Monday, January 11, 2010

New Jersey Lawmakers Pass Medical Marijuana Bill


TRENTON — The New Jersey Legislature approved a measure on Monday that would make the state the 14th in the nation, but one of the few on the East Coast, to legalize the use of marijuana to help patients with chronic illnesses.
The measure — which would allow patients diagnosed with severe illnesses like cancer, AIDS, Lou Gehrig’s disease, muscular dystrophy and multiple sclerosis to have access to marijuana grown and distributed through state-monitored dispensaries — was passed by the General Assembly and State Senate on the final day of the legislative session.

Gov. Jon S. Corzine has said he would sign it into law before leaving office next Tuesday. Supporters said that within nine months, patients with a prescription for marijuana from their doctors should be able to obtain it at one of six locations.

“It’s nice to finally see a day when democracy helps heal people,” said Charles Kwiatkowski, 38, one of dozens of patients who rallied at the State House before the vote and broke into applause when the lawmakers approved the measure.

Mr. Kwiatkowski, of Hazlet, N.J., who has multiple sclerosis, said his doctors have recommended marijuana to treat neuralgia, which causes him to lose the feeling and the use of his right arm and shoulders. “The M.S. Society has shown that this drug will help slow the progression of my disease. Why would I want to use anything else?”

The bill’s approval, which comes after years of lobbying by patients’ rights groups and advocates of less restrictive drug laws, was nearly derailed at the 11th hour as some Democratic lawmakers wavered and Governor-elect Christopher J. Christie, a Republican, went to the State House and expressed reservations about it.

In the end, however, it passed by comfortable margins in both houses: 48-14 in the General Assembly and 25-13 in the State Senate.

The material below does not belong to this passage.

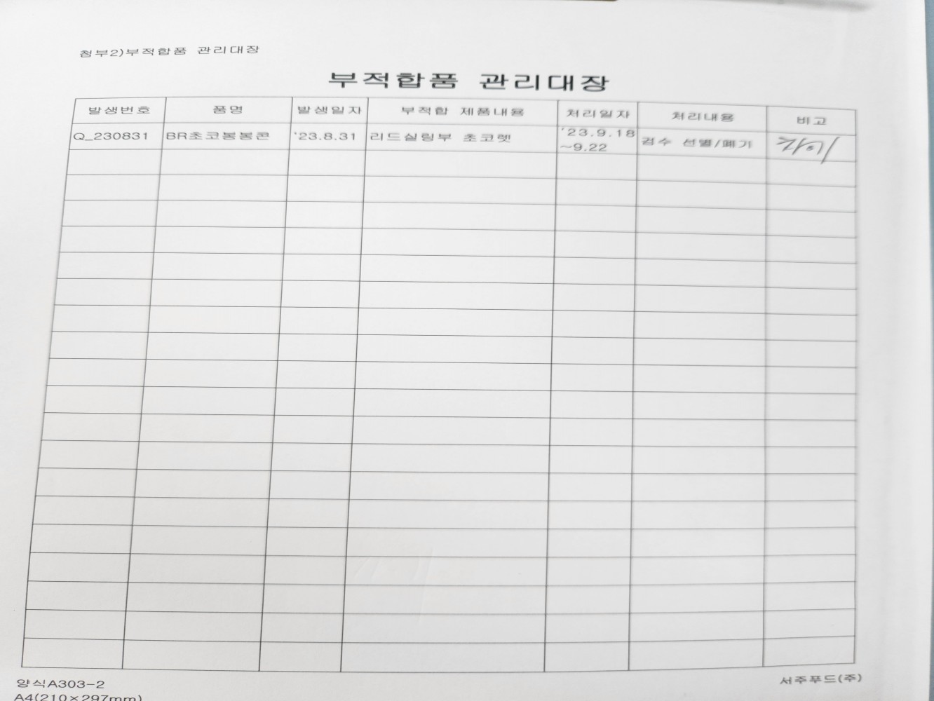 9. 부적합 제품 관리 시스템이 구비되어 있는가

Assemblyman Reed Gusciora, a Democrat from Princeton who sponsored the legislation, said New Jersey’s would be the most restrictive medical marijuana law in the nation because it would permit doctors to prescribe it for only a set list of serious, chronic illnesses. The law would also forbid patients from growing their own marijuana and from using it in public, and it would regulate the drug under the strict conditions used to track the distribution of medically prescribed opiates like Oxycontin and morphine. Patients would be limited to two ounces of marijuana per month.

“I truly believe this will become a model for other states because it balances the compassionate use of medical marijuana while limiting the number of ailments that a physician can prescribe it for,” Mr. Gusciora said.

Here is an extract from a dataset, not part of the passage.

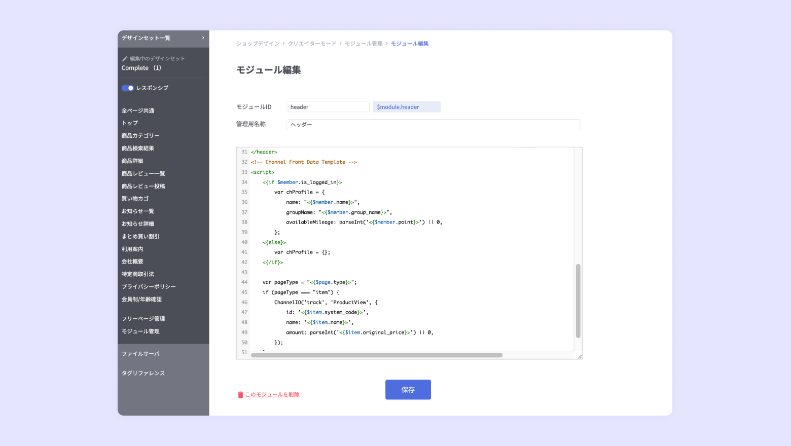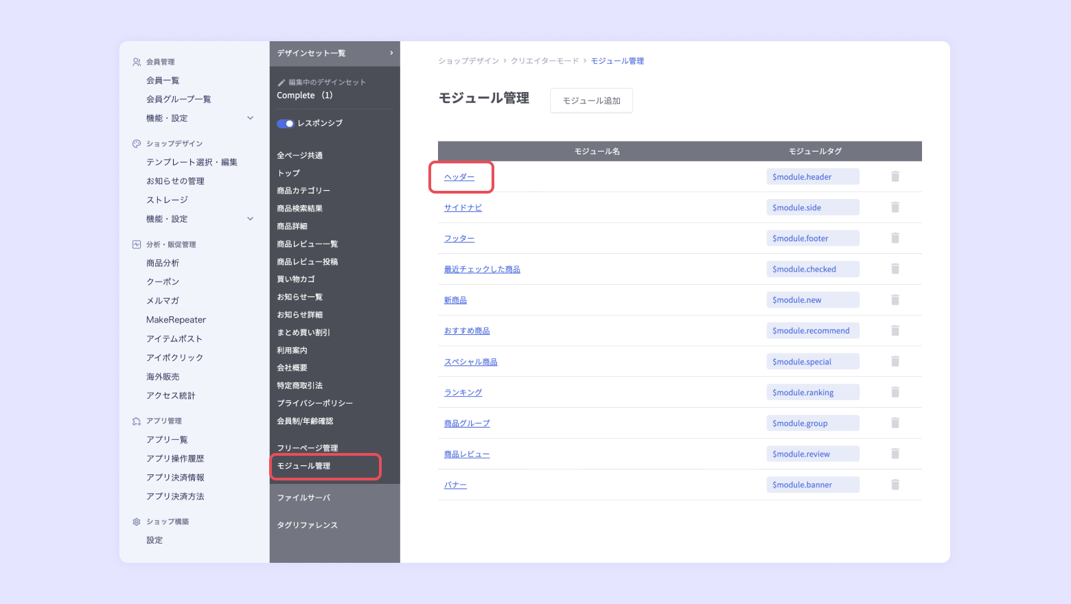 [モジュール管理] - [ヘッダー] を選択します。

Under the bill, the state would help set the cost of the marijuana. The measure does not require insurance companies to pay for it.

Some educators and law enforcement advocates worked doggedly against the proposal, saying the law would make marijuana more readily available and more likely to be abused, and that it would lead to increased drug use by teenagers.

Opponents often pointed to California’s experience as a cautionary tale, saying that medical marijuana is so loosely regulated there that its use has essentially been decriminalized. Under California law, residents can obtain legal marijuana for a list of maladies as common, and as vaguely defined, as anxiety or chronic pain.